▸ Brief
In the records below, begin at the line containing "We invite you to continue" and end at the line containing "Ngay trong chiều"; quote every line in that span exactly, including both boundary lines, and no others.

▸ Record extracts
.....

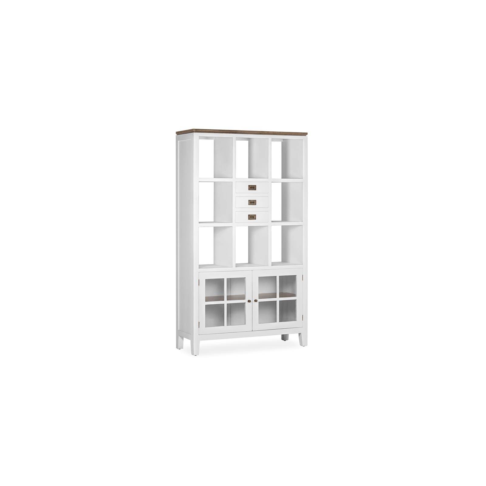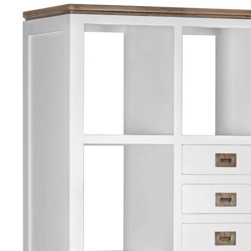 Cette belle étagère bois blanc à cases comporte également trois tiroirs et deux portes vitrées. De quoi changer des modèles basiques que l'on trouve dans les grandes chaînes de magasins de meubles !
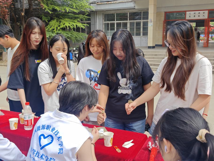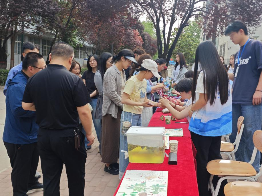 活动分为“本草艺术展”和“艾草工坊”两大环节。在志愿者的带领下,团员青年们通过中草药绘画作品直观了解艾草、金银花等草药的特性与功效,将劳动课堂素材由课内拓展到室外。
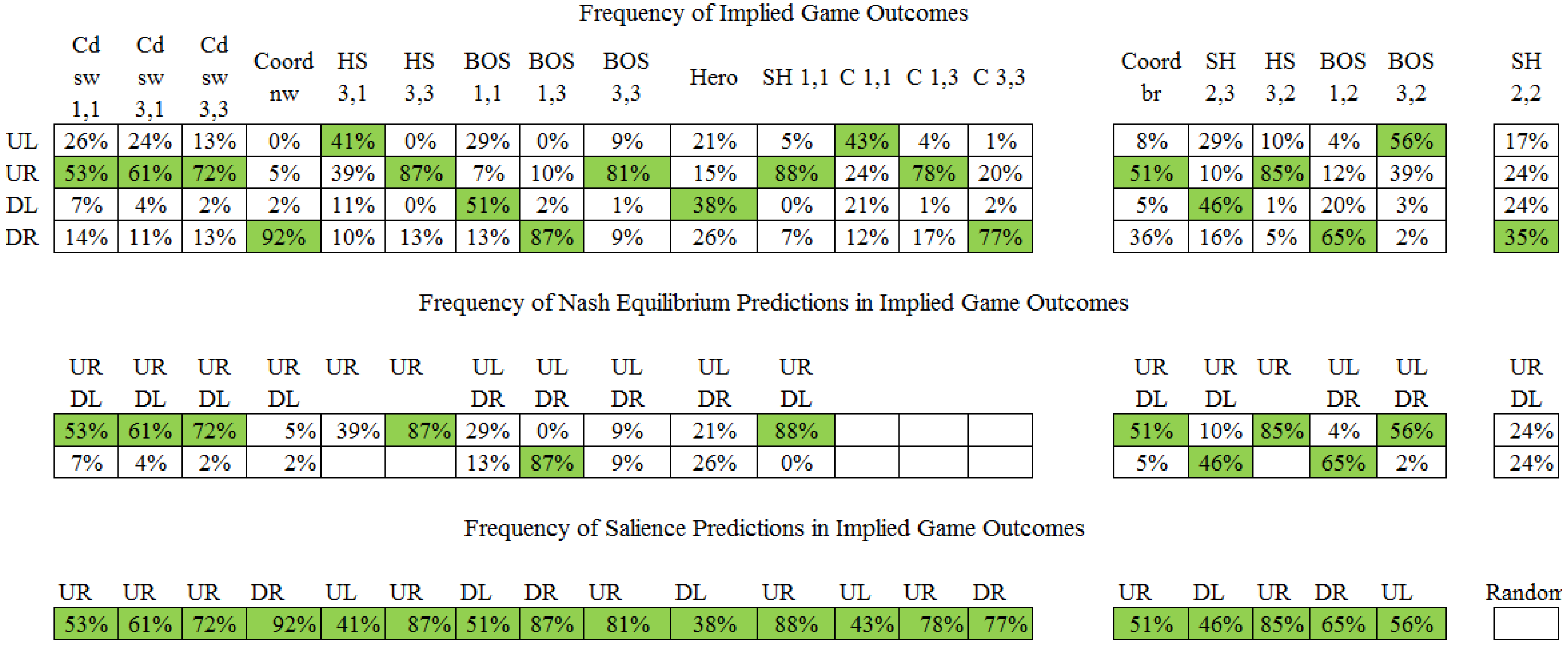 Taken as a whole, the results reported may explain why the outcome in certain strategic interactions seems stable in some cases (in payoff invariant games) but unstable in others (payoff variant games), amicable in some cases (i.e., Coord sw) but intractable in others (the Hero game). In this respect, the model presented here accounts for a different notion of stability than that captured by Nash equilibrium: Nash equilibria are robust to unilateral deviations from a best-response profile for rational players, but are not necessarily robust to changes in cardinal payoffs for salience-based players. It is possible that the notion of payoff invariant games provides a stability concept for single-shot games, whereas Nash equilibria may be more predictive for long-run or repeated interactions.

.....

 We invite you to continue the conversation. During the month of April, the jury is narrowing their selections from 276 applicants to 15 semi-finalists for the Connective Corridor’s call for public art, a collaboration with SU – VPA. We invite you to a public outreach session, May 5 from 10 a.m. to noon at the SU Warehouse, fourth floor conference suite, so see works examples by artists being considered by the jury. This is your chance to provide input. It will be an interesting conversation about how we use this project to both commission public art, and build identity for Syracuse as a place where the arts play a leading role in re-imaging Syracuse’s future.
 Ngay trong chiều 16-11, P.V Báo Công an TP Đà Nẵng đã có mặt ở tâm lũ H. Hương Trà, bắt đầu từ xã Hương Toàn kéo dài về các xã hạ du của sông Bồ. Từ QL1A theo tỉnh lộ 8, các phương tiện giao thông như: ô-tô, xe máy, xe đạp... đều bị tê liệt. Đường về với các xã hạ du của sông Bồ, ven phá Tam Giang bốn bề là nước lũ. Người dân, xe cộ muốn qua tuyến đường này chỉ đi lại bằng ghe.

.....

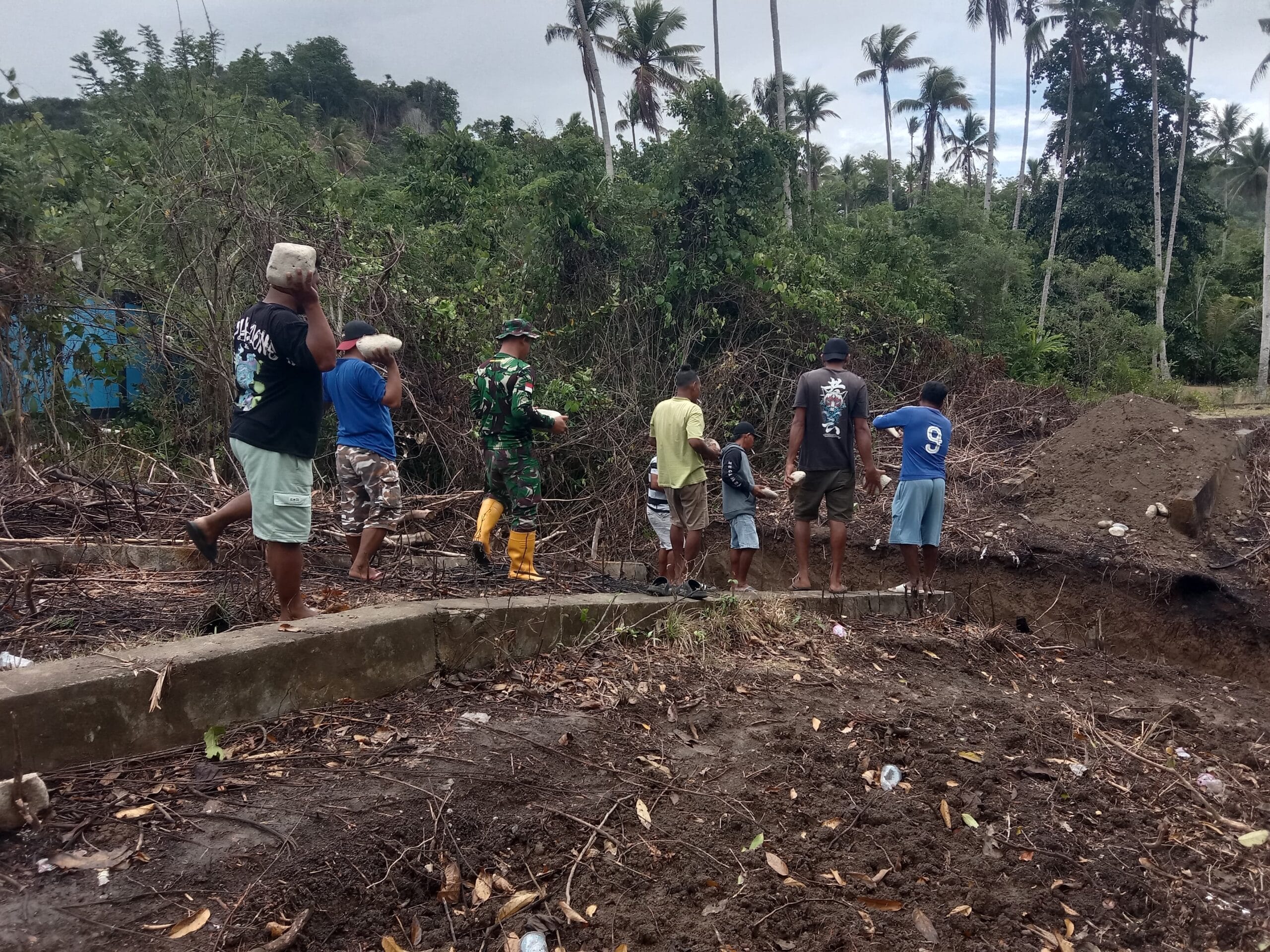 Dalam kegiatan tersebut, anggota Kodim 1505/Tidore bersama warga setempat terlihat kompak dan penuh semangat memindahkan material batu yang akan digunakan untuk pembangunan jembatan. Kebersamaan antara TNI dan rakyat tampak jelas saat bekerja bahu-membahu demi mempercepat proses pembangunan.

.....

▸ Reply to the exercise
 We invite you to continue the conversation. During the month of April, the jury is narrowing their selections from 276 applicants to 15 semi-finalists for the Connective Corridor’s call for public art, a collaboration with SU – VPA. We invite you to a public outreach session, May 5 from 10 a.m. to noon at the SU Warehouse, fourth floor conference suite, so see works examples by artists being considered by the jury. This is your chance to provide input. It will be an interesting conversation about how we use this project to both commission public art, and build identity for Syracuse as a place where the arts play a leading role in re-imaging Syracuse’s future.
 Ngay trong chiều 16-11, P.V Báo Công an TP Đà Nẵng đã có mặt ở tâm lũ H. Hương Trà, bắt đầu từ xã Hương Toàn kéo dài về các xã hạ du của sông Bồ. Từ QL1A theo tỉnh lộ 8, các phương tiện giao thông như: ô-tô, xe máy, xe đạp... đều bị tê liệt. Đường về với các xã hạ du của sông Bồ, ven phá Tam Giang bốn bề là nước lũ. Người dân, xe cộ muốn qua tuyến đường này chỉ đi lại bằng ghe.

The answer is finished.